Malignant mesothelioma (MMe) is a highly aggressive, lethal tumour requiring the development of more effective therapies. The green tea polyphenol epigallocathechin-3-gallate (EGCG) inhibits the growth of many types of cancer cells. We found that EGCG is selectively cytotoxic to MMe cells with respect to normal mesothelial cells. MMe cell viability was inhibited by predominant induction of apoptosis at lower doses and necrosis at higher doses. EGCG elicited H(2) O(2) release in cell cultures, and exogenous catalase (CAT) abrogated EGCG-induced cytotoxicity, apoptosis and necrosis. Confocal imaging of fluo 3-loaded, EGCG-exposed MMe cells showed significant [Ca(2+) ](i) rise, prevented by CAT, dithiothreitol or the T-type Ca(2+) channel blockers mibefradil and NiCl(2) . Cell loading with dihydrorhodamine 123 revealed EGCG-induced ROS production, prevented by CAT, mibefradil or the Ca(2+) chelator BAPTA-AM. Direct exposure of cells to H(2) O(2) produced similar effects on Ca(2+) and ROS, and these effects were prevented by the same inhibitors. Sensitivity of REN cells to EGCG was correlated with higher expression of Ca(v) 3.2 T-type Ca(2+) channels in these cells, compared to normal mesothelium. Also, Ca(v) 3.2 siRNA on MMe cells reduced in vitro EGCG cytotoxicity and abated apoptosis and necrosis.

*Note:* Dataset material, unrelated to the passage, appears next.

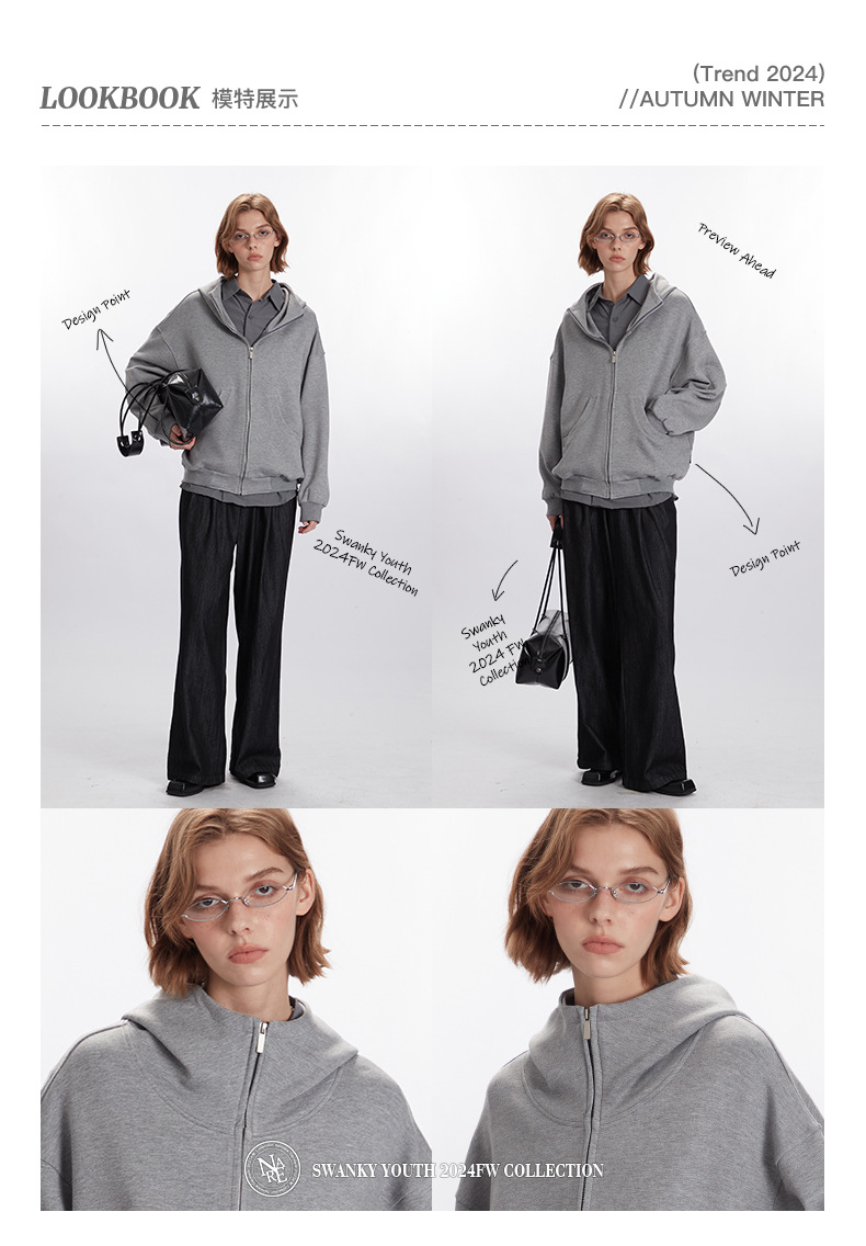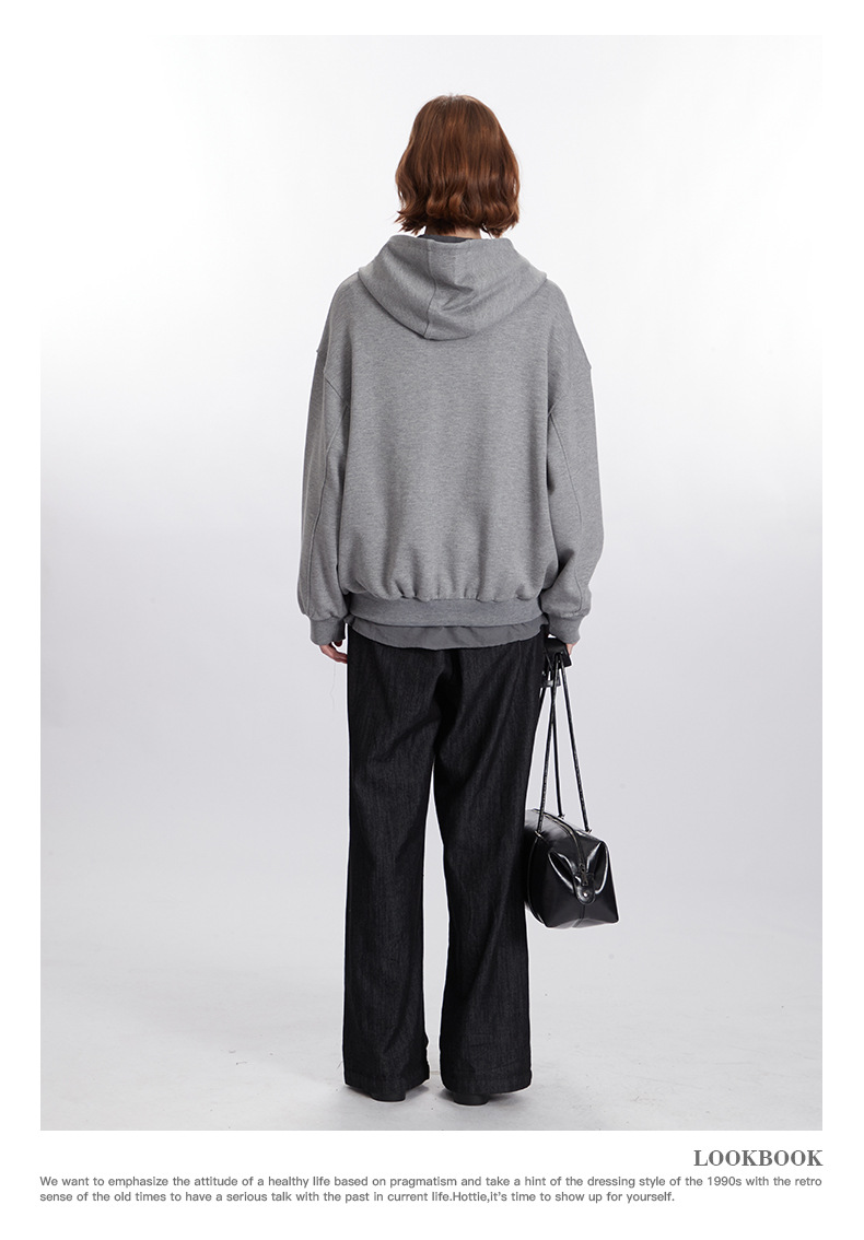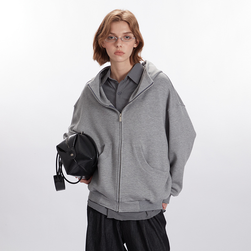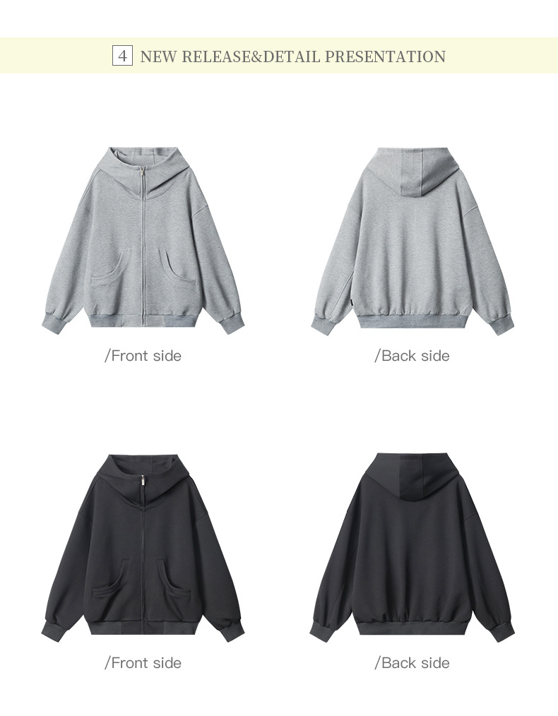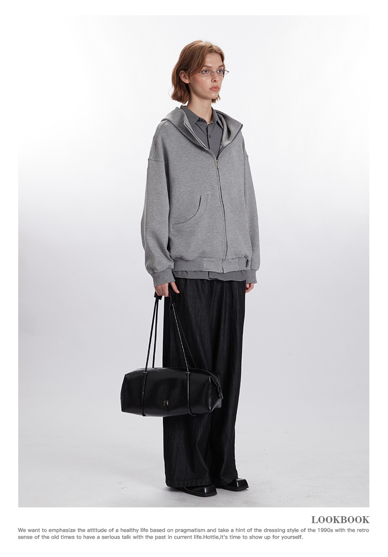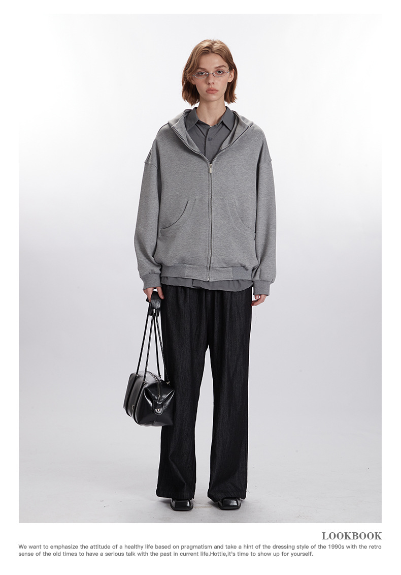 Nariele Retro Style Heavy Hoodie Trendy Zipper Solid Color Jackets

Intriguingly, Ca(v) 3.2 expression was observed in malignant pleural mesothelioma biopsies from patients, but not in normal pleura. In conclusion, data showed the expression of T-type Ca(2+) channels in MMe tissue and their role in EGCG selective cytotoxicity to MMe cells, suggesting the possible use of these channels as a novel MMe pharmacological target.

Fig. 1

(A) Lactate dehydrogenase (LDH) release in the supernatant of REN cells after exposure to increasing EGCG concentrations for 6 hrs. Data are means ± SD derived from 5 to 9 independent treatments, and expressed as optical densities at 492 nm (see Materials and methods). *P < 0.01 with respect to control according to the Dunnett's test. (B) Caspase 3 activity measured in REN cells exposed to EGCG as above. Data are means ± SD derived from 10 independent treatments, and expressed as fluorescence arbitrary units (see Materials and methods). Different letters on bars indicate significant differences according to the Tukey's test (P < 0.01).

Fig. 2

(A) Production of H₂O₂ in DMEM medium after 1 hr incubation with increasing EGCG concentrations, in the presence or absence of REN cells. Data are means ± SD (n = 3) of H₂O₂ concentrations determined as described in the Materials and methods. All groups are significantly different with respect to their control (P < 0.01, Dunnett's test). (B) Determination of REN cell viability in response to increasing EGCG, in the presence or absence of exogenous CAT (500 units/ml). Data are extrapolated from the calcein-AM viability index after exposure of cells to EGCG for 24 hrs, and are expressed as means ± SD of two independent experiments, each with eight replicates. *P < 0.01 with respect to control according to the Dunnett's test. (C) Viable cell counts performed through microplate fluorometric DNA assays on REN cells, showing dose-response relations to increasing EGCG concentrations in the presence or absence of 500 units/ml CAT. The fluorescent signal was read after incubation with Hoechst 33258 (see Materials and methods). Data are expressed as means ± SD (n = 8 independent samples) of the estimated numbers of cells. The mean of control without CAT has been set to 100%. *P < 0.01 with respect to control according to the Dunnett's test.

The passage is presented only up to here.